Anecdotally, I have seen it in a few recent cases: The deposition witness isn’t asked an open-ended question and isn’t given a “Yes or No” either. Instead, they are given a range of options, like you would see in an attitude survey or a school examination. For example, an employer was asked if they “Strongly agree,” “Somewhat agree,” “Somewhat disagree,” or “Strongly disagree” with a principal they were offered on how to handle an employment issue; or a transportation executive was asked to give themselves a grade, “A, B, C, D, or F” on how the company handled an accident. In both cases, the witness was not prepared for it, and the multiple-choice question turned out to be a winner for the party asking the question, yielding a clear and recorded endorsement of the adversary’s theme in the first case, and an awkward situation of the company giving themselves an “A” for a tragedy in the second.
Of course, these questions are designed to create a “damned if you do, damned if you don’t” situation for the witness – giving yourself an “A” conveys arrogance, but giving yourself anything else admits deficiency. Responding that you “disagree” or only “somewhat” agree with a common-sense-sounding principle could also be used by the other side. Answering a question like that well requires some preparation and thought.
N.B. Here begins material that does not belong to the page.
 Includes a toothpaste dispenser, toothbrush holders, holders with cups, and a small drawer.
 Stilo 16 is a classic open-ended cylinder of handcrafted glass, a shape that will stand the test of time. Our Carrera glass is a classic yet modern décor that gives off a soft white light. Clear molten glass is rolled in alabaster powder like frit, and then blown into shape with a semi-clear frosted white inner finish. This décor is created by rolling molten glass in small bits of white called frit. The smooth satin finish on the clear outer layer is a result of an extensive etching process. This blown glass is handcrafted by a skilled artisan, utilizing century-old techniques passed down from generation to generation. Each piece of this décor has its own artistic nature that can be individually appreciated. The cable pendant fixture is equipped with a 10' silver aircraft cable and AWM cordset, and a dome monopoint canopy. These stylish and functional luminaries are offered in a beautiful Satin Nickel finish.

I am not sure whether the fixed-choice question is a new idea in depositions or whether it’s an older idea that simply isn’t seen that often. But it does seem to be happening, so it might be time to include a discussion of questions like this in the typical preparation sessions for witnesses before their deposition.
How you answer will depend on the situation, the witness, and of course, the specific question. But, in general, I see three strategies for responding to a multiple choice question in deposition.
Resist the Reductionism
A multiple-choice question works only because it simplifies. It takes what would otherwise be a spectrum of response to an open-ended question and boxes it into a few neat categories. So one way to answer a question like that in the deposition is to respectfully refuse to play that game:
Q: Would you characterize your company’s response as very effective, somewhat effective, somewhat ineffective, or very ineffective?
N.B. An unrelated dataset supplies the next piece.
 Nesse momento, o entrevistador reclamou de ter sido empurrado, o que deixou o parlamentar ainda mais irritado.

A: The situation is really more complex than that, and I am reluctant to reduce my answer to any one of those categories. In looking at the company’s response to the accident, there are some aspects of it that were positive and some aspects that could have been better. I am happy to talk about any of those aspects, but it would be misleading to replace that discussion with just a single category.
Take the Incomplete
A second way that the question might be unfair is that it might assume the completion of something that is currently in process. For example, if you are still looking at the situation, then a final verdict on it might be premature.
Q: How would you grade your company’s response, A through F?
A: Well, we are still looking at that. From the day this accident occurred, we have been conducting a thorough analysis of the causes and the responses, and that is ongoing as we speak. You might even say that this litigation is part of that assessment, since we are keenly interested in what a jury at some point might say. So I am happy to discuss any aspect of this investigation, but it is too early to award a final grade.
The last broad option for answering a multiple choice in deposition is to consider the possibility that you may not want to resist the question, but instead want to just pick an option and own it. While it is likely that your adversary is only asking the question because they feel it puts the witness in a dilemma, they might be wrong.
Q: “A company should put safety over profits.” Do you “Strongly agree,” “Somewhat agree,” “Somewhat disagree,” or “Strongly disagree”?
A: That is an easy one: I strongly agree. And that isn’t just an idea I am agreeing to here today, it is a bedrock principle to this company, because nothing gets done without safety. Putting safety before profits unfortunately doesn’t mean that all accidents can be avoided, but it does mean that no accidents will happen due to a profit motive, and this one didn’t.
Of course, it is only the savvy and well-prepared witness who will be able to give answers like that on the fly. More often when confronted with the unexpected question, witnesses will either evade or meekly agree. The better course is to prepare in advance and anticipate what you can. In the moment, take your time and give a thoughtful answer.